Wireshark-dev: Re: [Wireshark-dev] proto.h extension (unit strings)

From: John Dill <John.Dill@xxxxxxxxxxxxxxxxx>
Date: Mon, 12 Dec 2016 16:18:38 +0000
>Message: 1
>Date: Sun, 11 Dec 2016 22:17:11 -0500
>From: Michael Mann <mmann78@xxxxxxxxxxxx>
>To: wireshark-dev@xxxxxxxxxxxxx
>Subject: Re: [Wireshark-dev] proto.h extension (unit strings)
>Message-ID: <158f108bd63-2eb5-53f0@xxxxxxxxxxxxxxxxxxxxxxx>
>Content-Type: text/plain; charset="utf-8"
>
>
>I thought this was a good idea, just took a while to get around to it:
>https://code.wireshark.org/review/19211

Hi Michael,

First off, thanks for spending time on a feature that at least I for one would thoroughly abuse ;-).  One initial comment that I can think of is whether "BASE" is an appropriate term for specifying a unit string, since a unit string is typically independent of the base used to represent the number.  I typically think of BASE when using BASE_DEC or BASE_HEX, etc.  In the patch I maintain, I ended up renaming it to OPTION_UNIT_STRING because there was confusion with the field_display_e enumeration in header field definitions.  Might be something to consider.

You could consider using a value_string for multiple representations could be useful for {"second", "seconds", "s"}.  That way you can associate a standardized name for each component.  I don't handle multiple unit string versions, but this is the route I would try first if I was going to try to implement it.

static const value_string header_field_units[] =
{
  { UNIT_SINGULAR, "foot" },
  { UNIT_PLURAL, "feet" },
  { UNIT_ABBREVIATION, "ft" },
  { 0, NULL }
};

The only difficulty is communicating when to use the abbreviation vs full name for a given header field or on a broad scale.  I'm not sure about what other people's needs would be, but I think a global (or possibly but less likely a dissector) specific preference seems feasible in my opinion.

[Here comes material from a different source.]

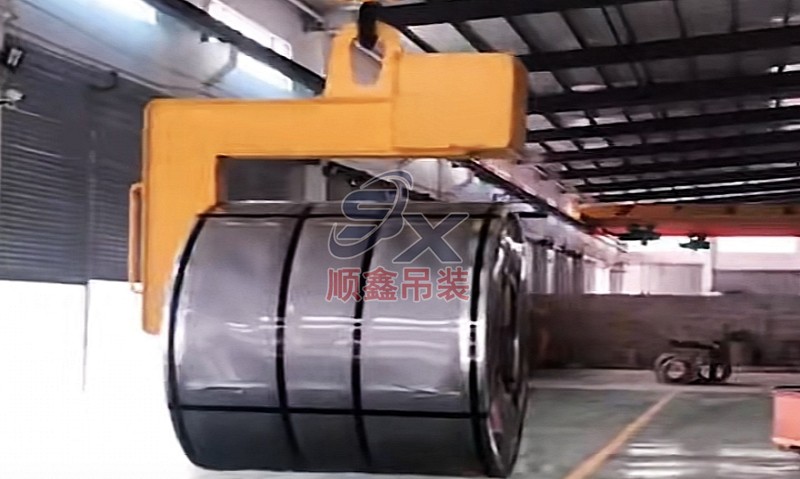 翻轉(zhuǎn)吊具通過機械剪力原理,對立式擺放的卷鋼進行單邊抓取,來完成卷鋼的裝卸,當改變重力點時,可以對卷鋼進行翻轉(zhuǎn),作業(yè)時不傷鋼卷。其吊耳采用加厚處理,焊縫飽滿牢固、延長使用壽命。

I'm not a fan of manually adding " " to some unit strings and leaving it out for the abbreviation to the definition, i.e. I wouldn't want to have to do this:

static const value_string header_field_units[] =
{
  { UNIT_SINGULAR, " foot" },
  { UNIT_PLURAL, " feet" },
  { UNIT_ABBREVIATION, "ft" },
  { 0, NULL }
};

To that end I think the strings should not be specified with spaces at all.  It's pretty obvious to put a space for whole words, less so for abbreviations.  Could do a survey of a few text books with units to see what the majority style is for English.  Of course all hats are off for foreign translations.  If you choose to make the standard rendering use abbreviations without leading spaces in the dissection, then one can simply insert a space into the abbreviation string to get the effect they want.  Maybe not the idyllic solution, but certainly feasible.  Alternatively, it may be better to include a couple of global unit string checkbox preferences to include the leading string or not.  I'm not familiar with enough foreign languages to know how best to address it.

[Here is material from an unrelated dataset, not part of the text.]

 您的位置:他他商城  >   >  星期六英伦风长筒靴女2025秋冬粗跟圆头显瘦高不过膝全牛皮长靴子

I don't know whether I'd recommend maintaining a list of unit string structures in Wireshark.  I mean, it would certainly be nice for common SI units, but I don't know about Imperial units, and then do you maintain these same unit strings in different languages as well?  Seems like it'd be difficult to maintain.  Unfortunately, I don't have any ideas on how to address it, but I don't think it too much to ask for people to create their own value_string if they really want units for a header field.

On a related note (and the reason I'm pushing using a value_string), using a value_string may be the best way to add optional parameters in the future as well, where I could foresee wanting to do this (at least for the stuff that I do).

static const value_string header_field_options[] =
{
  { UNIT_SINGULAR, " foot" },
  { UNIT_PLURAL, " feet" },
  { UNIT_ABBREVIATION, "ft" },
  { SCALE_FACTOR, "0.125" },
  { 0, NULL }
};

If there's future design space to include a scale factor, this may be one method to incorporate it without messing with the header_field_info structure too badly.  Then, you could add "| OPTION_SCALE_FACTOR" if you needed to convert units (I do radians to degrees, and semicircles to lat/long, and lots of data that are in scaled integer form all the time, and it's pretty messy).  Unfortunately, I've not made much headway into applying a scale factor usefully.  I can kind of get the display working, but I've no clue how to handle the filtering, e.g. if I convert the display to degrees, but the raw data is in radians, I can't figure out how to change the filtering mechanism that would allow me to filter a header field in degrees.

Just some ideas to ponder.

Best regards,
John Dill

P.S.  A couple of times my emails didn't show up on the wireshark-dev list, so I cc'd you as well.  I think it's a plain-text/html problem with my email client.